Geo. Never heard anything like it; tongue journaled on ball-bearings! I wonder what she said; seemed to be swearing, mainly.
W. (After mumbling Meisterschaft awhile.) Look here, George, this is awful—come to think—this project: we can’t talk this frantic language.
Geo. I know it, Will, and it is awful; but I can’t live without seeing Margaret—I’ve endured it as long as I can. I should die if I tried to hold out longer—and even German is preferable to death.
W. (Hesitatingly.) Well, I don’t know; it’s a matter of opinion.
Geo. (Irritably.) It isn’t a matter of opinion either. German is preferable to death.

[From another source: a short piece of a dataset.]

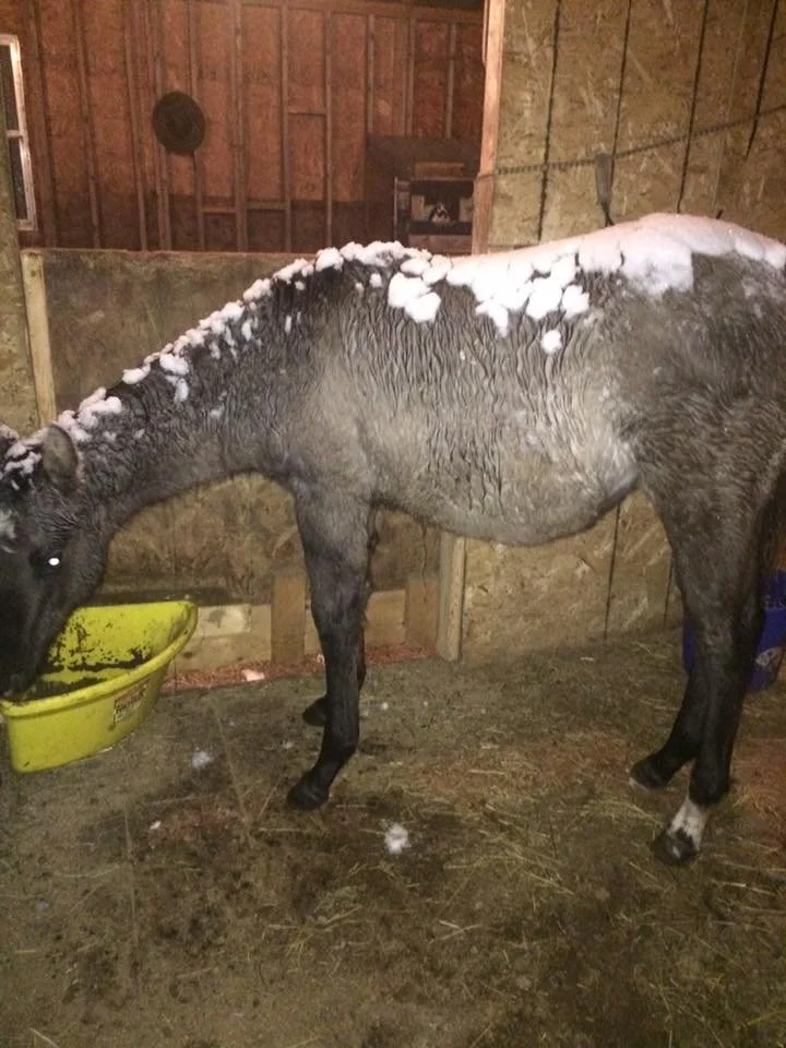 My client bought a gorgeous looking, well-muscled Quarter Horse colt from out west over the internet. When her horse arrived in Nova Scotia as a weanling she was shocked about his looks. His body changed so much from what the photos were showing.

W. (Reflectively.) Well, I don’t know—the problem is so sudden—but I think you may be right: some kinds of death. It is more than likely that a slow, lingering—well, now, there in Canada in the early times a couple of centuries ago, the Indians would take a missionary and skin him, and get some hot ashes and boiling water and one thing and another, and by and by, that missionary—well, yes, I can see that, by and by, talking German could be a pleasant change for him.
Geo. Why, of course. Das versteht sich; but you have to always think a thing out, or you’re not satisfied. But let’s not go to bothering about thinking out this present business; we’re here, we’re in for it; you are as moribund to see Annie as I am to see Margaret; you know the terms: we’ve got to speak German. Now stop your mooning and get at your Meisterschaft; we’ve got nothing else in the world.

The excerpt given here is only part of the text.